Prata em Simondon (2005 [1958])
Il est nécessaire de définir avec plus de précision ce que l’on peut entendre par quantité d’information et par forme. Deux sens très différents sont présentés par la théorie de la Forme et par la théorie de l’Information. La théorie de la Forme définit les bonnes formes par la prégnance et par la simplicité: la bonne forme, celle qui a le pouvoir de s’imposer, l’emporte sur des formes ayant moins de cohérence, de netteté, de prégnance. Le cercle, le carré, sont ainsi de bonnes formes. Par contre, la théorie de l’Information répond à un ensemble de problèmes techniques qui sont contemporains de l’usage des courants faibles dans la transmission des signaux et dans l’usage des différents modes d’enregistrement des signaux sonores et lumineux. Lorsqu’on enregistre une scène par la photographie, le film, le magnétophone ou le magnétoscope, on doit décomposer la situation globale en un ensemble d’éléments qui sont enregistrés par une modification imposée à un très grand nombre d’individus physiques ordonnés selon une organisation spatiale, temporelle, ou mixte, c’est-à-dire spatio-temporelle. Comme exemple d’organisation spatiale, on peut prendre la photographie : une surface photographique, dans sa partie active, support des signaux, est constituée par une émulsion contenant une multitude de grains d’argent, primitivement sous forme de combinaison chimique. L’image optique étant projetée sur cette émulsion, si l’on suppose parfait le système optique, on obtient une transformation chimique plus ou moins accentuée de la combinaison chimique constituant l’émulsion; mais la capacité qu’a cette émulsion d’enregistrer de petits détails dépend de la finesse des particules: la traduction en réalité chimique, au sein de l’émulsion, d’une ligne optique continue est constituée par une traînée discontinue de grains sensibles; plus ces grains sont gros et rares, plus il est difficile de fixer un petit détail avec une fidélité suffisante. Examinée au microscope, une émulsion qui, si elle était à structure continue, devrait révéler de nouveaux détails, ne montre qu’un brouillard informe de grains discontinus. Ce qu’on nomme le degré de définition ou le pouvoir de résolution d’une émulsion peut donc être mesuré par le nombre de détails distincts susceptibles d’être enregistrés sur une surface déterminée; par exemple, sur une émulsion de type courant, un millimètre carré peut contenir cinq mille détails distincts. (Simondon 2005 [1958]:234)

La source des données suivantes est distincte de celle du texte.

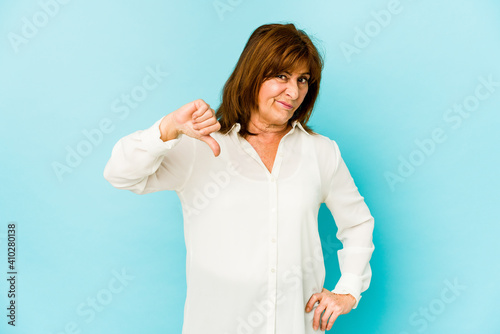 Senior caucasian woman isolated showing thumb down, disappointment concept.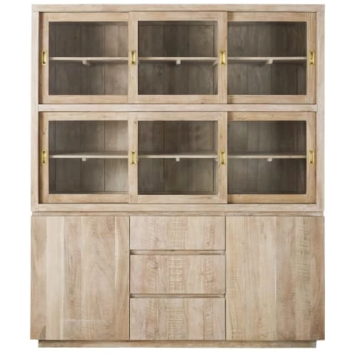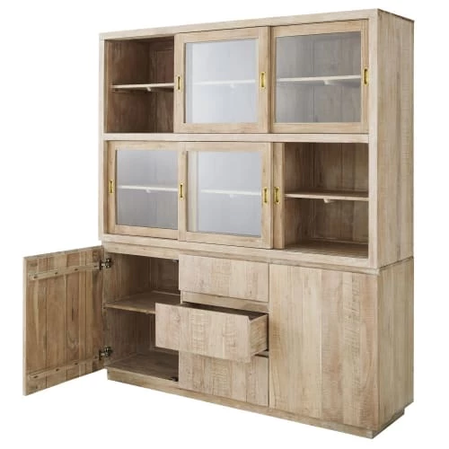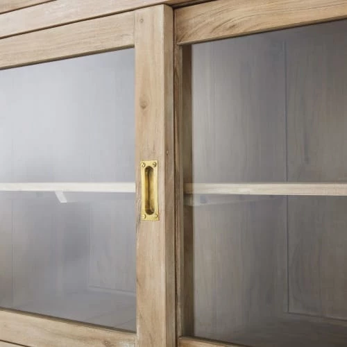 Portes coulissantes du haut : verre trempé et acacia massif, vernis nitrocellulosique transparent, finition légèrement blanchie

Les valeurs impliquées dans la relation de l’individu à la machine ont donné lieu à beaucoup de confusions parce que le récent développement des machines et de leur utilisation par les communautés a modifié le rapport de l’individu à la communauté: cette relation, qui était jadis directe, passe maintenant par la machine, et le machinisme est lié dans une certaine mesure au communautarisme ; la notion de travail n’est plus directement une valeur communautaire, parce que le passage de l’effort humain à travers une organisation mécanique affecte le travail d’un coefficient relatif à ce travail : le rendement; une morale du rendement est en train de se constituer, qui sera une morale communautaire d’une nouvelle espèce. L’effort individuel n’est pas intrinsèquement valable: il faut en plus qu’il soit rendu efficace par une certaine grâce extrinsèque, qui se concrétise dans la formule du rendement. Cette notion a un certain pouvoir invasif, et se déploie largement au delà des opérations commerciales ou même industrielles; elle affecte tout système éducatif, tout effort et tout travail. Une certaine résurgence communautaire du pragmatisme confère à l’éthique un nouveau type d’hétéronomie dissimulée sous les espèces d’un désir de rationalité ou de préoccupations concrètes. Quand un idée ou un acte sont rejetés parce qu’ils sont jugés inefficaces et de faible rendement, c’est en réalité parce qu’ils représentent une initiative individuelle créatrice, et que la communauté s’insurge avec un permanent instinct misonéiste contre tout ce qui est singulier. Le misonéisme vise le nouveau, mais surtout dans ce qu’il présente de singulier, donc d’individuel. Le nouveau, collectif, a droit de cité sous la forme de la mode; il se trouve même éminemment valorisé par la communauté. C’est le nouveau individuel qui est poursuivi et expulsé comme privé de rendement. Le critère de rendement est empreint de subjectivité collective et manifeste la grâce que la communauté accorde ou refuse à la création individuelle. Ce n’est pas parce qu’une civilisation aime l’argent qu’elle s’attache au rendement, mais parce qu’elle est d’abord civilisation du rendement qu’elle devient civilisation de l’argent lorsque certaines circonstances font de ce mode d’échange le critère concret du rendement. (Simondon 2005 [1958]:352-3)
SIMONDON, Gilbert. 2005 [1958]. L’individuation à la lumière des notions de forme et d’information. Grenoble: Éditions Jérôme Millon.